Relational Operations in Conditional Judgment

The previous two sections describe logical operations, and the next two describe relational operations.

Relational operations, that is, compares, have 6 operators: equal, not equal, greater than, less than, greater than or equal to, less than or equal to. When introducing logical operations in the previous two sections, it was said that logical operations cannot use the analysis process of binary numerical operations in Chapter 5 because of the short-circuit feature. The relational operations did not use the parsing process in Chapter 5, for a different reason: for performance.

If performance is not considered, relational operations can use the parsing process in Chapter 5. For example, for the equal operation, the following bytecode can be generated: EQ $r $a $b, that is, compare a and b, and assign the Boolean result to r. If performance is to be considered, it depends on the application scenarios of relational operations.
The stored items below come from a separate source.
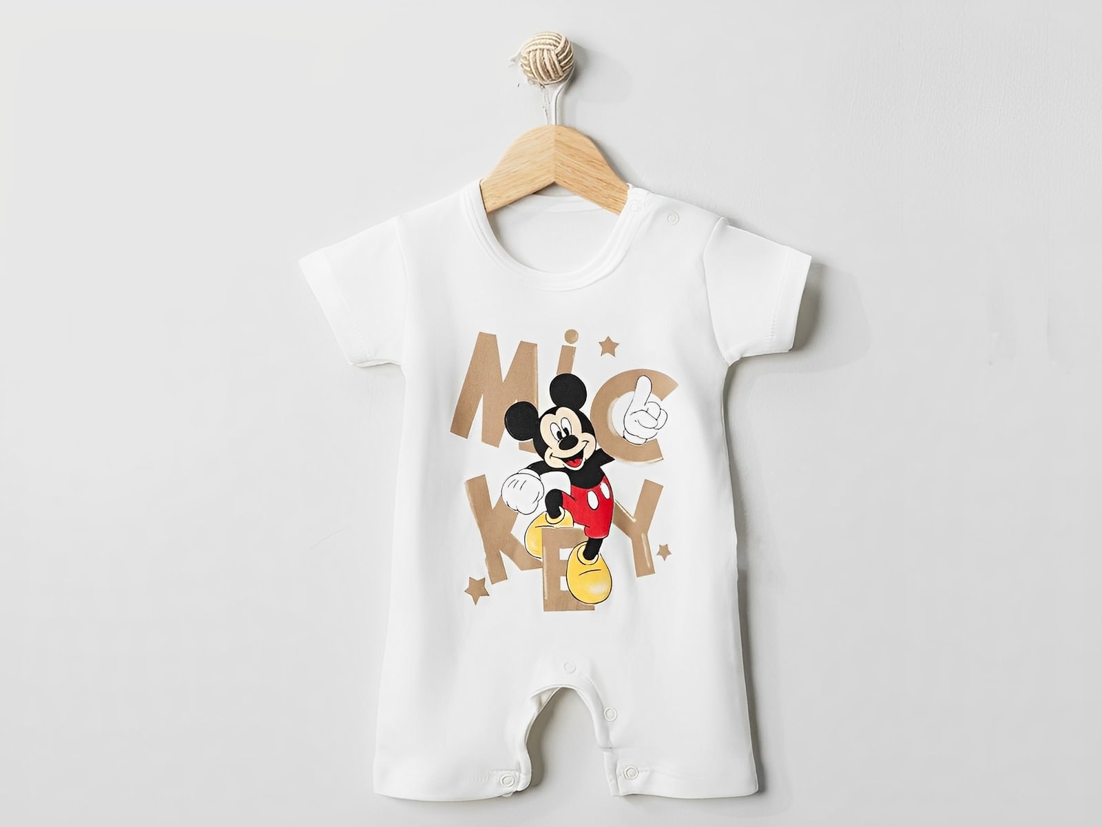 Φορμάκι κοντομάνικο καλοκαιρινό σε άσπρο χρώμα με σχέδιο στάμπα αγαπημένο ποντικάκι ήρωα κινουμένων σχεδίων των παιδιών. Στο τελείωμά του το φορμάκι έχει ανοιχτά ποδαράκια και άνοιγμα με τρουκς στο κάτω μέρος, για εύκολη αλλαγή πάνας.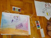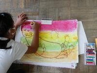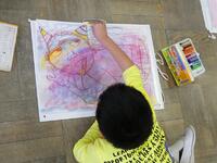 カラフルに色づけした紙に、クレヨンで少しずつ鬼を描いています。角や牙を丁寧に表現できました。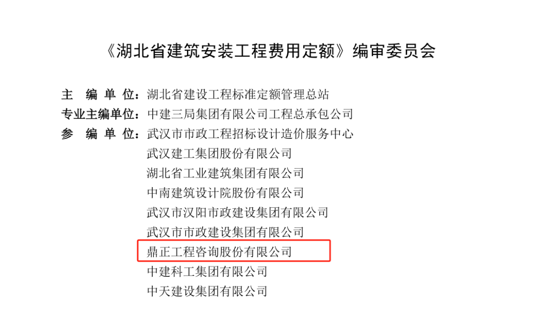 鼎正高度重视标准化工作,多次参与国家、地方及行业标准编制。此次参与《湖北省建筑安装工程费用定额》《湖北省建筑安装工程费用定额》的定额编制,既是鼎正多年坚持多年各咨询板块专业化沉淀和发展的集中体现,更是鼎正履行推动行业进步、规范建设市场行为的专业职责所在。下一步,鼎正将继续发挥专业优势,集结公司更多骨干专家力量,为提升行业整体标准化水平、促进行业的高质量发展贡献专业力量。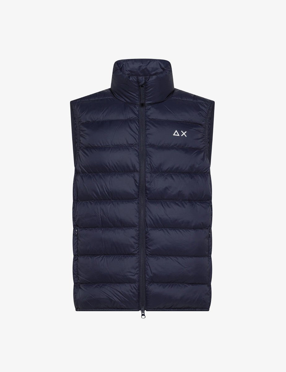 Piumino smanicato in nylon color blu navy, chiusura con zip in tono e logo al petto in contrasto. Collo montante e tasche nei fianchetti con chiusura con zip invisibile.

This part is almost the same as the logical operations introduced in the previous two sections, and there are also two application scenarios:

  1. As a judgment condition, such as the judgment condition statement in the if, while and other statements in the previous chapter, such as if a == b then ...;
  2. Evaluation, such as print(a == b).

Like logical operations, the first scenario can be regarded as a simplified version of the second scenario. It does not require specific evaluation, but only needs to judge whether it is true or false. For example, the example of the if statement above can also be interpreted according to the second scenario. It is considered that a == b is first evaluated to a temporary variable, and then it is judged whether the temporary variable is true to decide whether to jump. Temporary variables can be omitted here! Since most applications of relational computing are in the first scenario, it is worthwhile to separate this scenario from the second general scenario for special optimization, by omitting temporary variables and directly judging whether to jump based on the evaluation result.
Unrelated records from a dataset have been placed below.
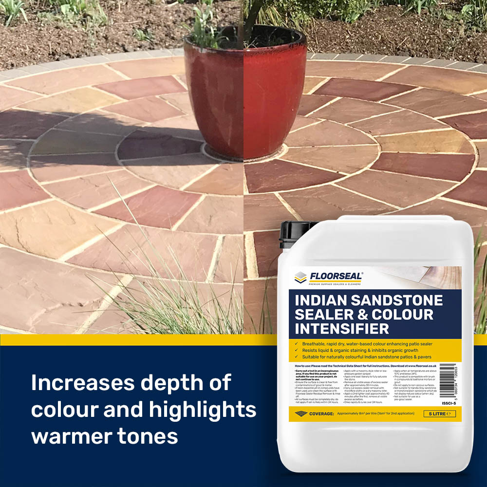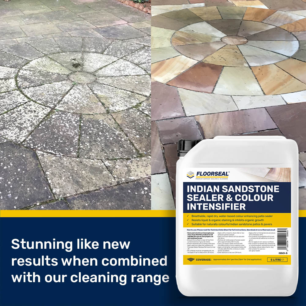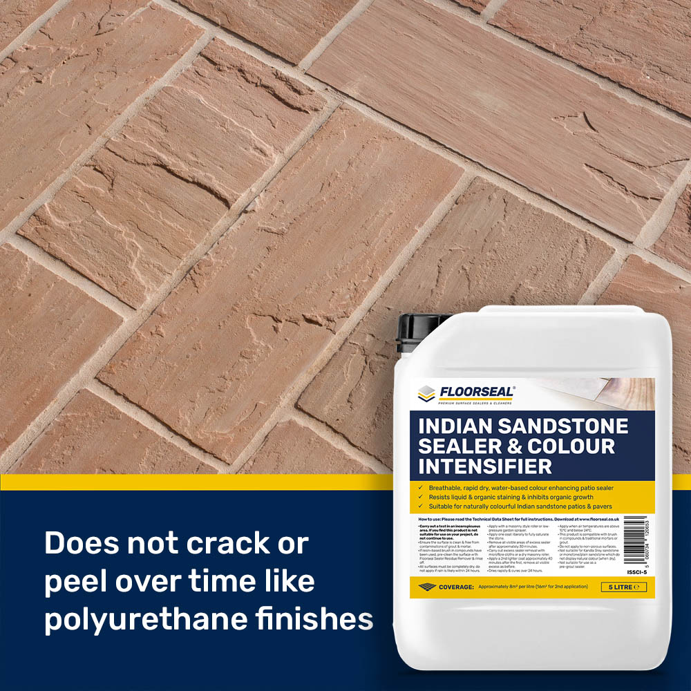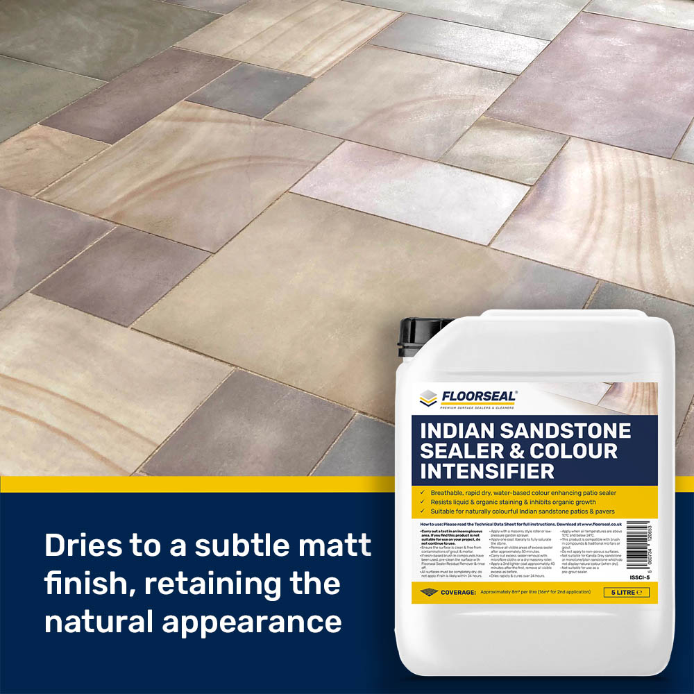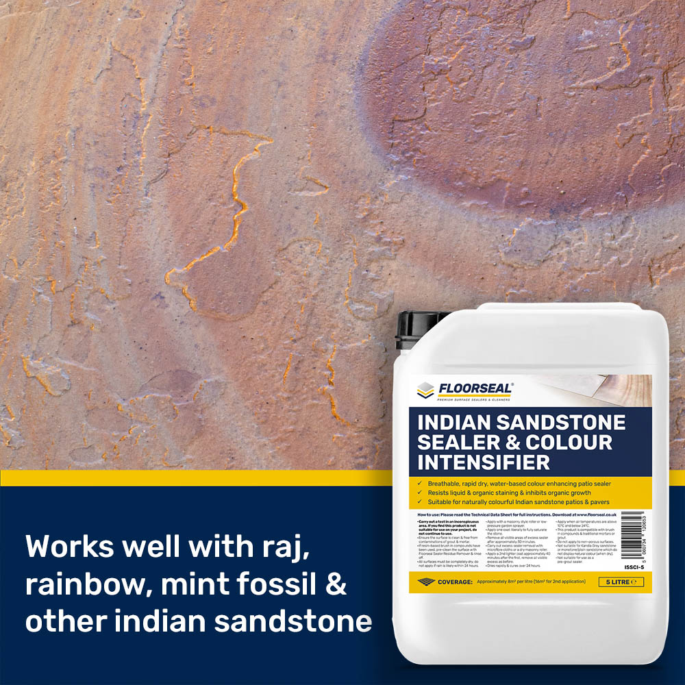 This subtle sandstone sealer has been specially formulated for sealing Indian sandstone patios and pavers. Indian Sandstone Sealer & Colour Intensifier is also suitable for other sandstones such as York sandstone, it can be used on internal floors. Exceptionally easy to apply and will create a subtle colour enriched matt finish. We highly recommend this product as an Indian stone sealer for external pavers and slabs. The sealer is water based, low odour and rapid drying. Indian sandstone often contains a large amount of colour which can be highlighted and subtly intensified. By using Floorseal Indian Sandstone Sealer & Colour Intensifier the natural colour contained within the stone will be enhanced. Indian Sandstone Sealer & Colour Intensifier seals the surface but is 100% breathable. The colour enhancing element of this sealer improves the appearance of the stone, whilst the impregnating element seals the surface. This natural stone sealer does not contain polyurethanes or surface forming lacquers which can blister, peel, crack, or flake over time. Does not contain any unpleasant solvents and is VOC free.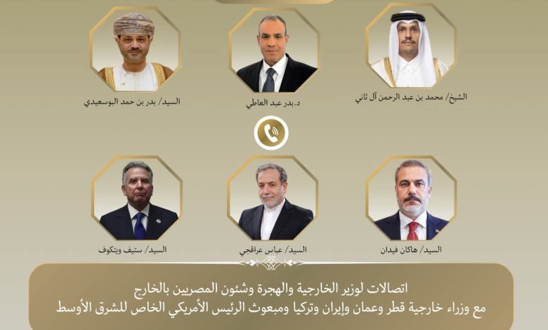 في إطار تنفيذ توجيهات السيد رئيس الجمهورية بخفض التصعيد في منطقة الشرق الأوسط، أجرى د. بدر عبد العاطي وزير الخارجية والهجرة وشئون المصريين بالخارج اتصالات مكثفة بكلٍ من السيد “عباس عراقجي” وزير خارجية إيران، والسيد “ستيف ويتكوف” المبعوث الأمريكي الخاص للشرق الأوسط، والشيخ “محمد بن عبد الرحمن”، رئيس وزراء ووزير خارجية قطر، والسيد “هاكان فيدان”، وزير خارجية تركيا، والسيد “بدر بن حمد البوسعيدي”، وزير خارجية سلطنة عمان، حيث تناولت الاتصالات المستجدات بالمنطقة في ظل تصاعد حدة التوتر بالإقليم.
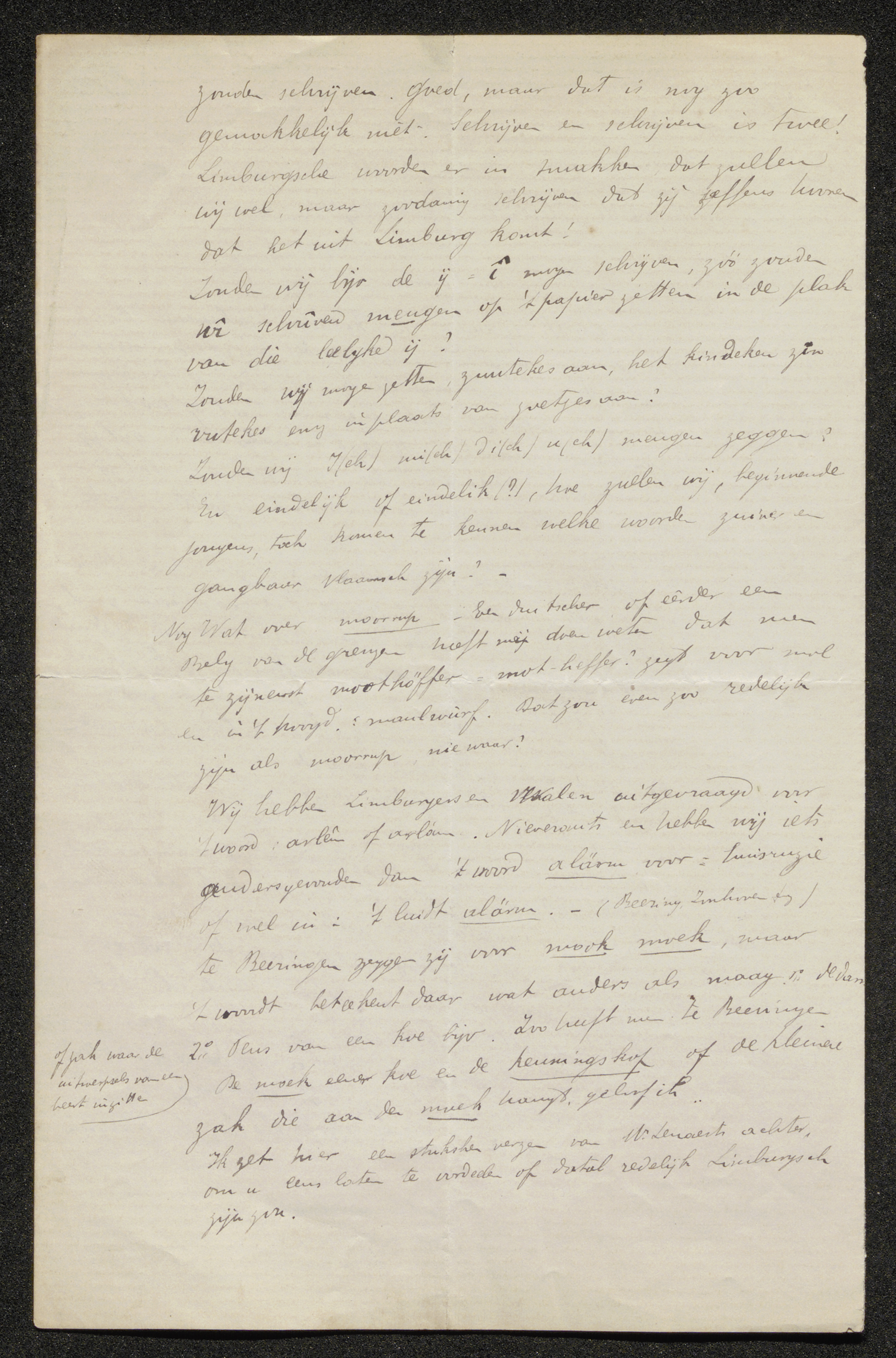 Ge zegt ook in uwen brief dat wij Limburgsch p2 zouden schrijven. Goed, maar dat is nog zoo gemakkelijk niet. Schrijven en schrijven is twee! Limburgsche woorden er in smakken[8] dat zullen wij wel, maar zoodanig schrijven dat zij seffens hooren dat het uit Limburg komt!

As the title of this section indicates, this section only introduces the first scenario; the next section will introduce the second scenario.

Bytecode

Still using the if statement and the equal operation as an example, in the if a == b then ... end scenario, the first bytecode sequence that comes to mind is as follows:

EQ $tmp $a $b    # Compare whether a and b are equal, and the result is stored in a temporary variable
TEST $tmp $jmp   # Determine whether to jump according to the temporary variable

Now save the temporary variable $tmp and merge the two bytecodes, as follows:

EQ $a $b $jmp   # Compare whether a and b are equal to decide whether to jump

But the problem is that this requires 3 parameters, leaving only 1 byte of space for the last jump parameter, indicating that the range is too small. For this reason, it can be split into 2 bytecodes:

EQ $a $b      # Determine whether a and b are equal, if they are equal, skip the next statement, ie pc++
JUMP $jmp     # unconditional jump

In this way, 2 bytes can be used to represent the jump parameter. However, since 2 bytecodes are still needed, what is the difference from the original "EQ+TEST" scheme? Why make it so complicated?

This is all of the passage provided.